I read over 50 books last year. These are the 5 every father should read.
1. The Screwtape Letters by C.S. Lewis
This is a repeat read for me and it will continue to be in a constant rotation. Lewis understands human behavior and the little justifications we have for our monstrous sin. I’m fond of calling this one “non-fiction” because it is so true to life and you can recognize yourself in many of the letters.
Also a good one to introduce to your children after they are 10 years old. It’s accessible and will provide many opportunities for conversation and vocabulary to help them start working through their own temptations and emotions. Help prepare them for spiritual warfare.
This time, I listened on audio book and the reader gives a wonderful performance.
2. Ten Ways to Destroy the Imagination of Your Child by Anthony Esolen
A cultural critique framed around the way we educate our children. You will be convicted yet urged on to better things. A must-read for every father. You can see my summary here.
You will want to keep your kids far, far away from public schools.

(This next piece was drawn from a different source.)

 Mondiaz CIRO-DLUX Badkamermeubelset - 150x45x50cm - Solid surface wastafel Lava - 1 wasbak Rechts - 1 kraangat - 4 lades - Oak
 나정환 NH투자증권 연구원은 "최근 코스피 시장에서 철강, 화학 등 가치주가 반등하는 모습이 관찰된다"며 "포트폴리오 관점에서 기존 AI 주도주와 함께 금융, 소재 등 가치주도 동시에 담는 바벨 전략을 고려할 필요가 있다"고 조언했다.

3. A Landscape with Dragons: The Battle for Your Child’s Mind by Michael D. O’Brien
Children are affected by everything we put inside their heads. They are sponges. This book will help you navigate the world of books for children and help you choose nutritious food for their imagination.
A good companion piece to Ten Ways to Destroy the Imagination of Your Child. Help prepare their mind to recognize both good and evil. Chesterton once said something like
“Children know that dragons exist. Good stories let them know that dragons can be defeated.”

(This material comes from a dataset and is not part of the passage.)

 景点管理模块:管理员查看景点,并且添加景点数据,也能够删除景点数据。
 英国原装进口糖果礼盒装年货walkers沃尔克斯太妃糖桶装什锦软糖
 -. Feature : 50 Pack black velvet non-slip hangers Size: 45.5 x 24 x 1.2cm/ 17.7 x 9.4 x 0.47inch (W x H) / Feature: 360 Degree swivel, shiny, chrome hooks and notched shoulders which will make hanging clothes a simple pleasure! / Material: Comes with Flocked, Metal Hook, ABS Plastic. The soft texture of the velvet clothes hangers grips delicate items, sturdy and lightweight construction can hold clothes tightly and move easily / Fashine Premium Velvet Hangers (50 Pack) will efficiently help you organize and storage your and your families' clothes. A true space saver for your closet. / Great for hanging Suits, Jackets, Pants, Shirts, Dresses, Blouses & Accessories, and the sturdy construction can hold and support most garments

The book includes a huge list of recommended books organized by age ranges, which alone is worth the price of the book.
4. Something They Will Not Forget by Joshua Gibbs
What is the purpose of education? Why do we keep making kids memorize things that they forget 30 seconds after they take the test?

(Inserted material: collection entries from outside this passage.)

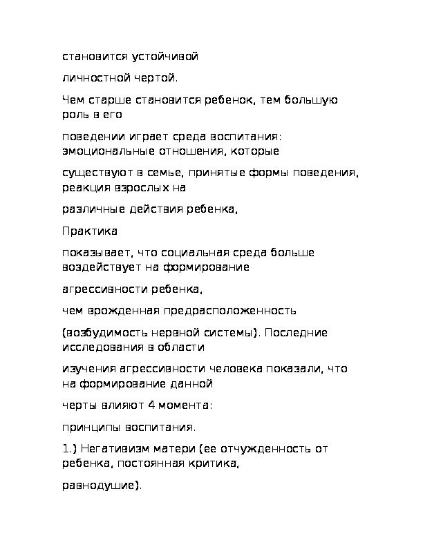 вырастет агрессивным взрослым. Это позволяет предположить, что уровень
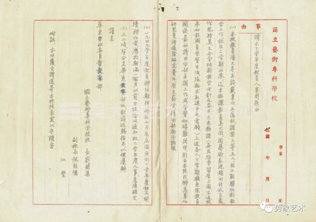 1928年4月,中国现代艺术的奠基人蔡元培继创办北平美术专科学校,并在委任林风眠担任该校校长失败后,深感需要另起炉灶,建设一个全新的艺术教育基地,于是择地杭州,创办了国立艺术院。可以说,这是当时中国以国立名义创办的最高规格的艺术高等学府。在蔡元培的人才库里,林风眠是校长的不二人选,他的女婿林文铮是艺术史专家,精通法文,有很强的组织能力,是教务长的合适人选。剩下的几大教授,李金发担任雕塑系主任教授、刘既漂担任图案系主任教授,吴大羽担任西画系主任教授。通过吴大羽介绍了来自上海新华艺专的国画系主任教授潘天寿。这确实是一群朝气蓬勃的艺术人才群体,校长林风眠28岁,吴大羽不满25岁。建院之初,国立艺术院职员19人,教授8人。以“介绍西洋艺术,整理中国艺术,调和中西艺术,创造时代艺术”为宗旨,春季招收新生80余人,学制5年,正式上课时仅56人。
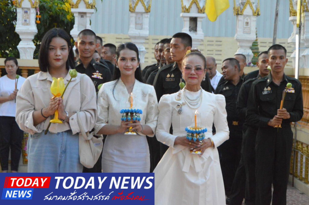 จากนั้น ในเวลา 18.00 น. ผอ.ฟ้า พรทิพา นำพุทธศาสนิกชน ร่วมพิธีเวียนเทียนรอบพระอุโบสถ จำนวน 3 รอบ เนื่องในวันอาสาฬหบูชาซึ่งเป็นวันสำคัญทางพระพุทธศาสนา วันอาสาฬหบูชา เป็นวันสำคัญทางพระพุทธศาสนา เนื่องจากเป็นวันที่พระพุทธเจ้าแสดงปฐมเทศนาเป็นครั้งแรกในโลก ชื่อว่า ธัมมจักกัปปวัตตนสูตร และเป็นวันที่บังเกิดพระรัตนตรัยครบทั้ง 3 คือพระพุทธ พระธรรม พระสงฆ์ นับเป็นวาระอันเป็นมงคลดิถียิ่ง ซึ่งในปีนี้ตรงกับวันพฤหัสบดีที่ 10 กรกฎาคม พ.ศ. 2568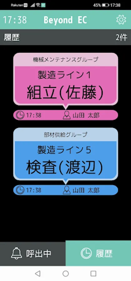 ・ If you press the "History" button at the bottom of the main screen, the history of the deleted call frame will be displayed.

This book doesn’t knock memorizing things, but it wants us to be more intentional about what we are telling kids to memorize. What is important?
A quick read and easy to digest.
This inspired me to create my own family catechism where, every night, we all state our values and work on memorizing beautiful passages of literature and Scripture.
5. The Road by Cormac McCarthy
A book about the love a father has for his son and his desperation to protect him in a post-apocalyptic world. One of the most powerful books I’ve ever read. Believe the hype. Get lost in the story. And then do better.
6. That Hideous Strength by C.S. Lewis
If you want a dystopian novel that most predicts what we are going through right now, try this one. I’d recommend the entire Space Trilogy by Lewis, but you can still enjoy this one without reading the first two.
Beyond its nightmarish technocratic predictions, the book also dives into the relationships of husbands and wives and deals extensively with what it is to be “masculine.”
Unlike other dystopian novels, this one has a happy ending, because Lewis knows that in the end, the good guys always win. Or at least, the Good Guy.
7. The Paideia of God by Douglas Wilson
Essays in education by one of the founders of the modern classical education movement. This book probably has an essay that answers your questions and objections. You may not agree with the answers, but they will make you think.
Take your children’s education seriously.